**What to do:** Your job with the data below is to output exactly the lines from the one holding "unfinished basement. oldhousesunder50k.com/c-1929-afforda…" down to the one holding "Лимон нарежьте крупными", both included, and no others.

**Data shown:**
------------------------------

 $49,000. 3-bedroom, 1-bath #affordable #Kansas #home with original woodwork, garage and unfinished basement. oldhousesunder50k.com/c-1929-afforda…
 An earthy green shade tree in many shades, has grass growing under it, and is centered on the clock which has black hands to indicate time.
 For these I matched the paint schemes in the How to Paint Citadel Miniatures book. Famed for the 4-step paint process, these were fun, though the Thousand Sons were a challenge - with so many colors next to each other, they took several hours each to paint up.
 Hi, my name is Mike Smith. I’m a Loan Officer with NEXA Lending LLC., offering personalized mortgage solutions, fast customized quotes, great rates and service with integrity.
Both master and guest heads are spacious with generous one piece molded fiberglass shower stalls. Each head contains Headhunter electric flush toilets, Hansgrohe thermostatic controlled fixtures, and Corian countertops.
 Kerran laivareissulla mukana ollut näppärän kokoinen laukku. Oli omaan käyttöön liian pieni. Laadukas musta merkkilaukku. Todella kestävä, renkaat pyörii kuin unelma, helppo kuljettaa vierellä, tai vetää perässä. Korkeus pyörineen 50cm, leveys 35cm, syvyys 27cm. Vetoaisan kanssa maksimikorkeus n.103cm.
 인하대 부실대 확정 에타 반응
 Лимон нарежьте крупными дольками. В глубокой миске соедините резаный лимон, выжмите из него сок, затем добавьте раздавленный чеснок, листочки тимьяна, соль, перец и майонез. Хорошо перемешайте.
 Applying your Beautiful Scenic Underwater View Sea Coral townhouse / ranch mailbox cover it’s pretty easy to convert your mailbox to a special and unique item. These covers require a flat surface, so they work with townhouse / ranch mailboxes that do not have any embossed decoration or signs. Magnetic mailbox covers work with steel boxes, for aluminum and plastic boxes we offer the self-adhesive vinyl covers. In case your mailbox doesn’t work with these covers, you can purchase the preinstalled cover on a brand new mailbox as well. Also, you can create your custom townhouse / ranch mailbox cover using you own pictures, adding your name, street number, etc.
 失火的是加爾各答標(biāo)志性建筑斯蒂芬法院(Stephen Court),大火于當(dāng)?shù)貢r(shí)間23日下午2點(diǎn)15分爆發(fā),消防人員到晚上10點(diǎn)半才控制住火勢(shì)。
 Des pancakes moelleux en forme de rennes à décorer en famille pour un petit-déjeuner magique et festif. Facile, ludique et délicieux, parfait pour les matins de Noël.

------------------------------

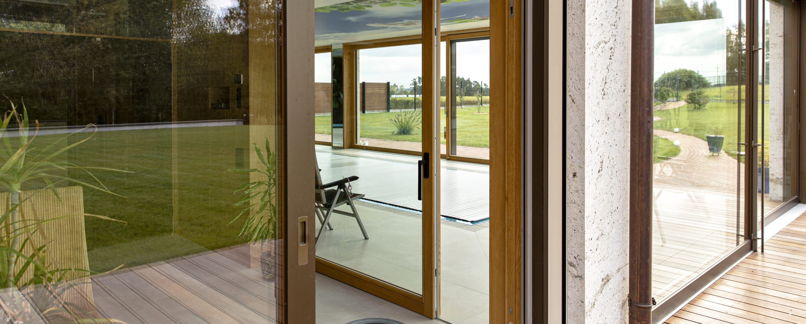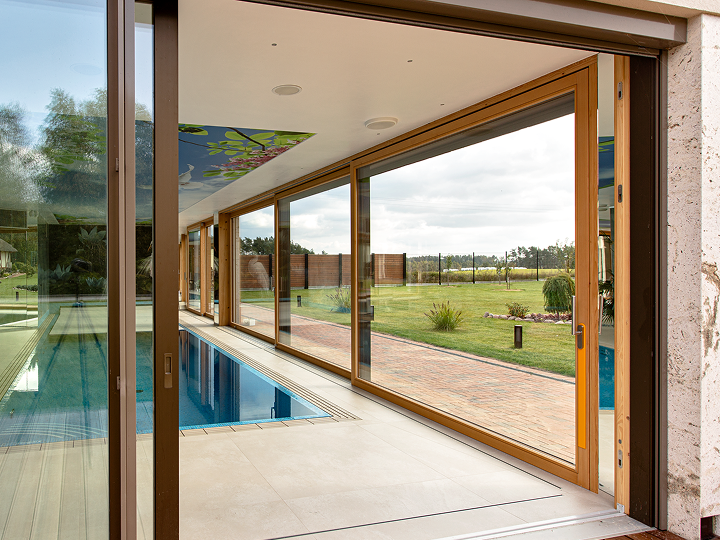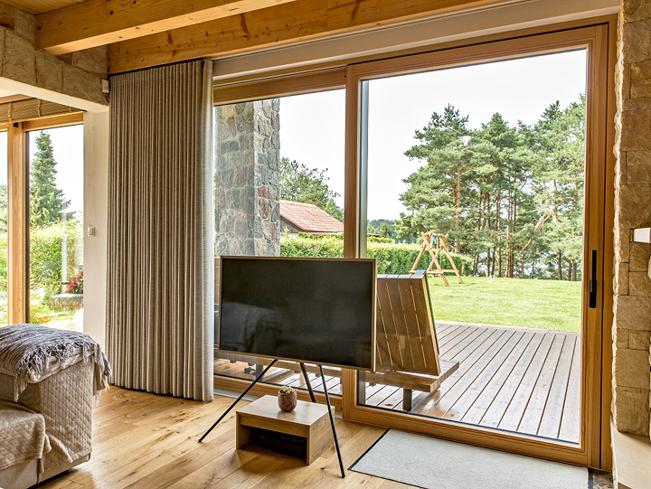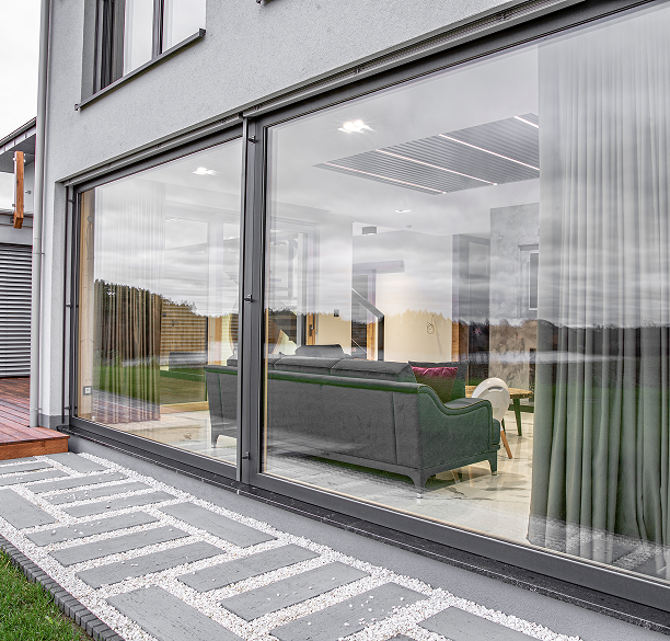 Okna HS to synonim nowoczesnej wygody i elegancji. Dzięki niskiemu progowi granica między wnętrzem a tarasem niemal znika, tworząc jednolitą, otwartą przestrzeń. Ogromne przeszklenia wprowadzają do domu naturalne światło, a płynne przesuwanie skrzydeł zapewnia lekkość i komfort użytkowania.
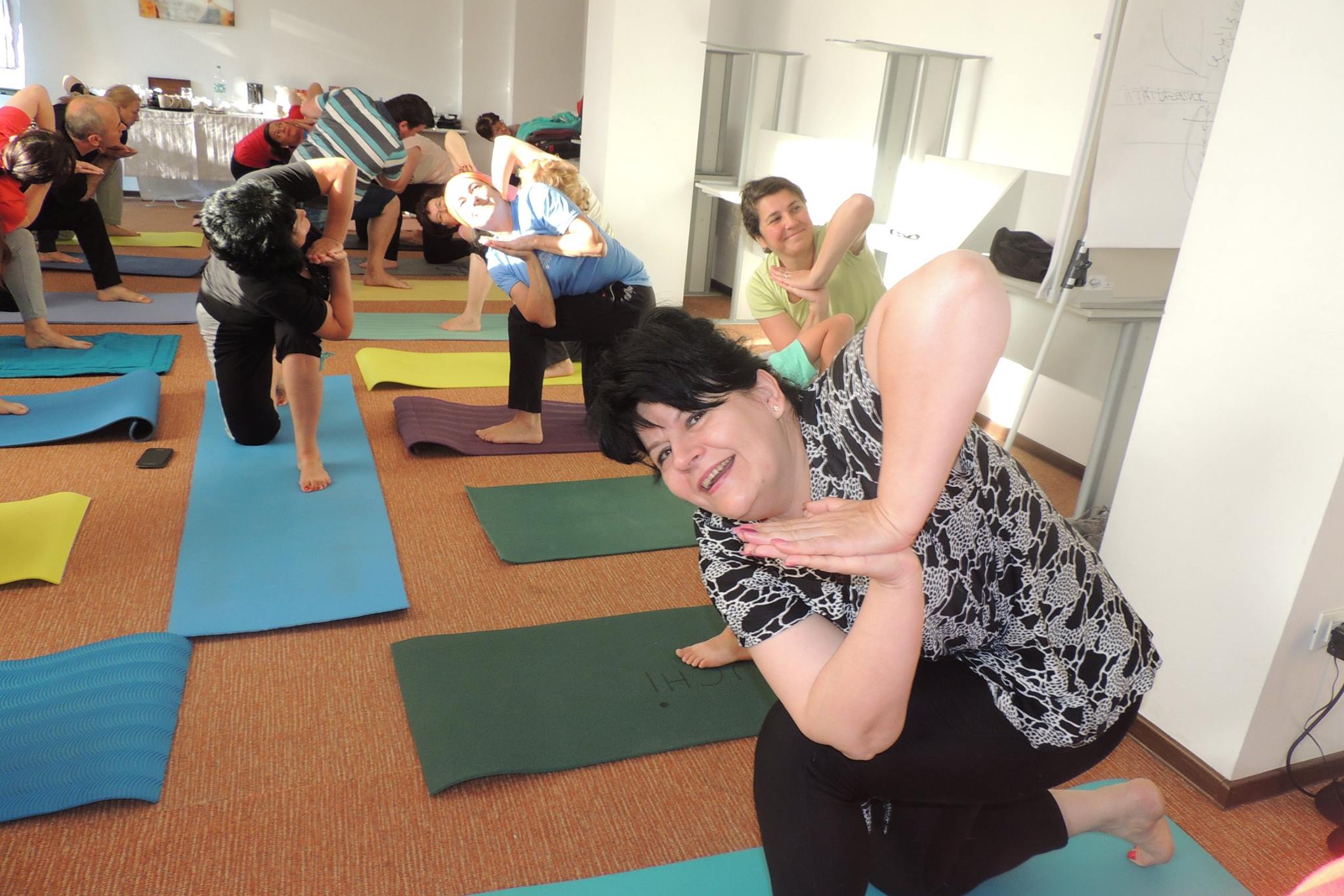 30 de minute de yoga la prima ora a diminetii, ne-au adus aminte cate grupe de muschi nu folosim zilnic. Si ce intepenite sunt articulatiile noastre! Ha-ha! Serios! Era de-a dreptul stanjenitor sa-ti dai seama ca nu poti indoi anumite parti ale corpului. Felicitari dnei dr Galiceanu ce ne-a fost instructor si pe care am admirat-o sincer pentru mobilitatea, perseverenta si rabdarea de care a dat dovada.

------------------------------

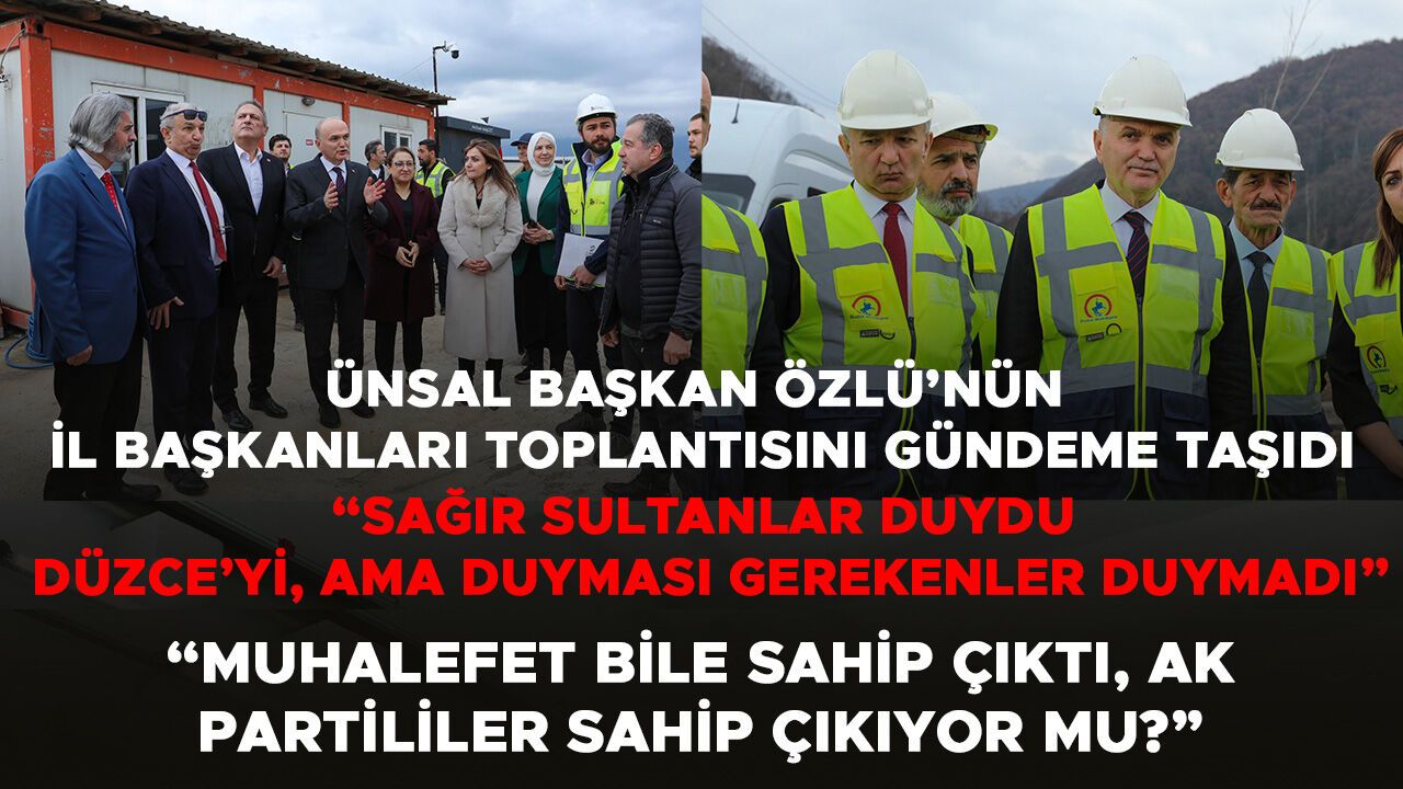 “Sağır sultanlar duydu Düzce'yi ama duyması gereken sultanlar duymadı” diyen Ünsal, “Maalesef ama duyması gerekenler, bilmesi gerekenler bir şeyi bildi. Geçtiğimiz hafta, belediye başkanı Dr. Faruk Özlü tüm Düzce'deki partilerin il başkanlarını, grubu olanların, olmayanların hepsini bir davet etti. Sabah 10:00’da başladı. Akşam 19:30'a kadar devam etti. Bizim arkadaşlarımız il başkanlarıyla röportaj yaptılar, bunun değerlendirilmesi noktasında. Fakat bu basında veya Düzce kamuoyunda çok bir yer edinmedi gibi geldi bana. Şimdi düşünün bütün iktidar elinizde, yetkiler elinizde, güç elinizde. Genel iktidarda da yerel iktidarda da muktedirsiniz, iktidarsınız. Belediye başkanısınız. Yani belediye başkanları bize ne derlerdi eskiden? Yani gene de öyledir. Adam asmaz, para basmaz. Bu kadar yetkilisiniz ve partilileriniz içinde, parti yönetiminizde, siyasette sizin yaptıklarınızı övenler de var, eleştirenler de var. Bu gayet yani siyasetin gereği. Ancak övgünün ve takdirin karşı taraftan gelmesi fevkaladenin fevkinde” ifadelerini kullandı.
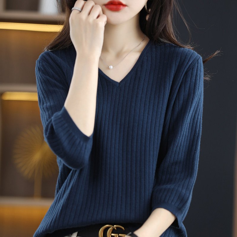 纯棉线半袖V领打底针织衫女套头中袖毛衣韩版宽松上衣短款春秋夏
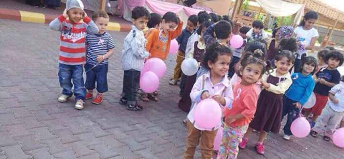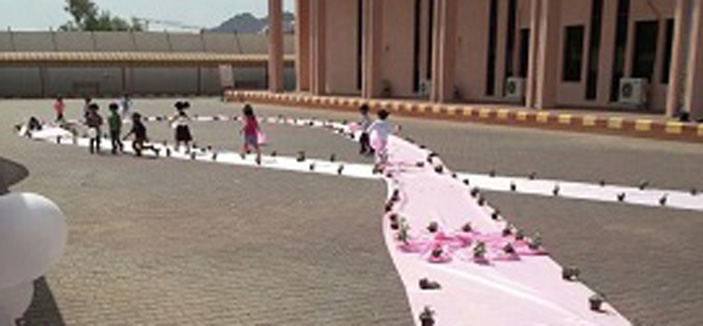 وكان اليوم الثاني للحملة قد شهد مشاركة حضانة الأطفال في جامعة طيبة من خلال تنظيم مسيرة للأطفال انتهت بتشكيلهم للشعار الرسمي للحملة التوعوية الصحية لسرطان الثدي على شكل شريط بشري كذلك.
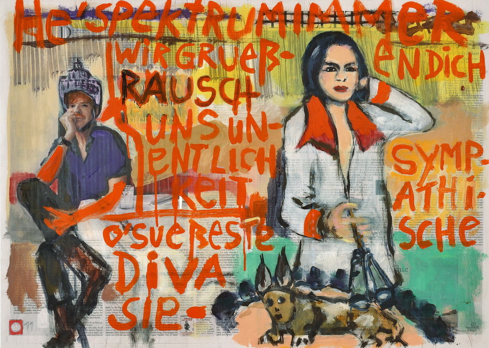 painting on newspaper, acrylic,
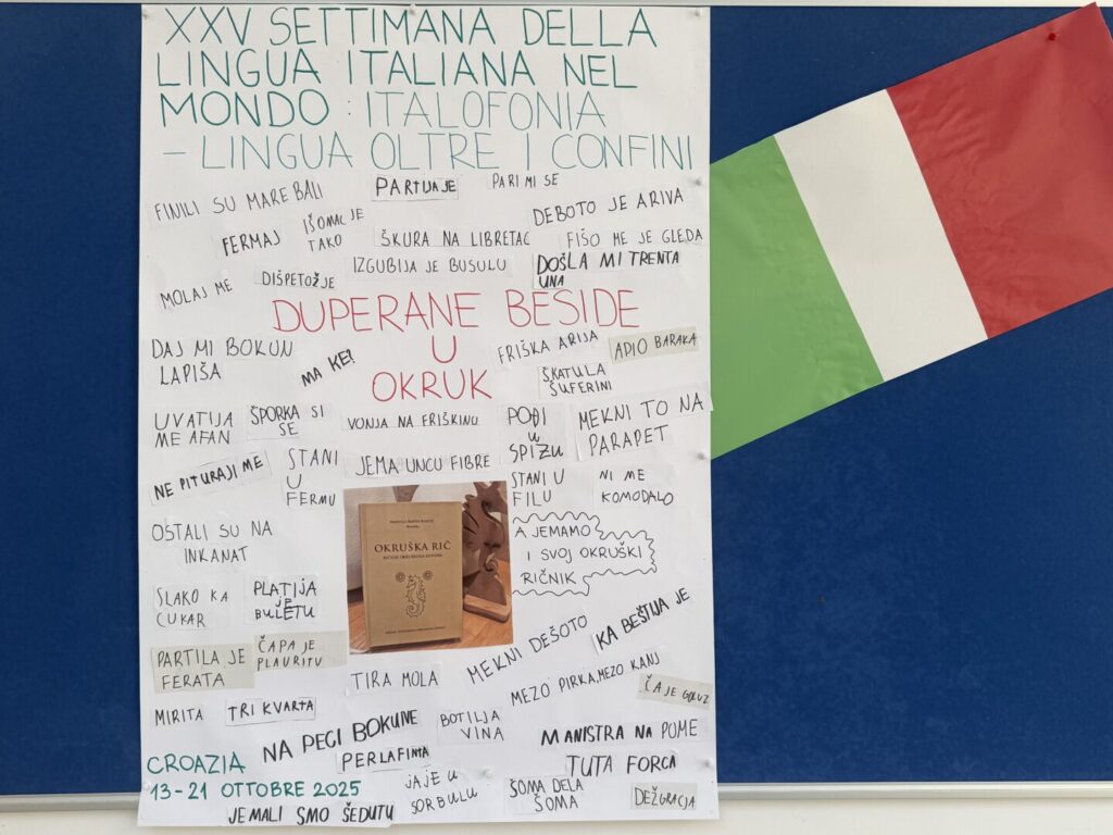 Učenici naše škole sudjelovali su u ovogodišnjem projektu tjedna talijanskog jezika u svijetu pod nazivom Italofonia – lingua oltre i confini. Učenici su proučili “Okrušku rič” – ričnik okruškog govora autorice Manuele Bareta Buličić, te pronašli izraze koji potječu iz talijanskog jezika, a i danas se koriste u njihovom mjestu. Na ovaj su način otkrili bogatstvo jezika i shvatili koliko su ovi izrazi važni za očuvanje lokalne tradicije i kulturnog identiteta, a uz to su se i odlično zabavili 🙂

------------------------------

**Solution for this exercise:**
 $49,000. 3-bedroom, 1-bath #affordable #Kansas #home with original woodwork, garage and unfinished basement. oldhousesunder50k.com/c-1929-afforda…
 An earthy green shade tree in many shades, has grass growing under it, and is centered on the clock which has black hands to indicate time.
 For these I matched the paint schemes in the How to Paint Citadel Miniatures book. Famed for the 4-step paint process, these were fun, though the Thousand Sons were a challenge - with so many colors next to each other, they took several hours each to paint up.
 Hi, my name is Mike Smith. I’m a Loan Officer with NEXA Lending LLC., offering personalized mortgage solutions, fast customized quotes, great rates and service with integrity.
Both master and guest heads are spacious with generous one piece molded fiberglass shower stalls. Each head contains Headhunter electric flush toilets, Hansgrohe thermostatic controlled fixtures, and Corian countertops.
 Kerran laivareissulla mukana ollut näppärän kokoinen laukku. Oli omaan käyttöön liian pieni. Laadukas musta merkkilaukku. Todella kestävä, renkaat pyörii kuin unelma, helppo kuljettaa vierellä, tai vetää perässä. Korkeus pyörineen 50cm, leveys 35cm, syvyys 27cm. Vetoaisan kanssa maksimikorkeus n.103cm.
 인하대 부실대 확정 에타 반응
 Лимон нарежьте крупными дольками. В глубокой миске соедините резаный лимон, выжмите из него сок, затем добавьте раздавленный чеснок, листочки тимьяна, соль, перец и майонез. Хорошо перемешайте.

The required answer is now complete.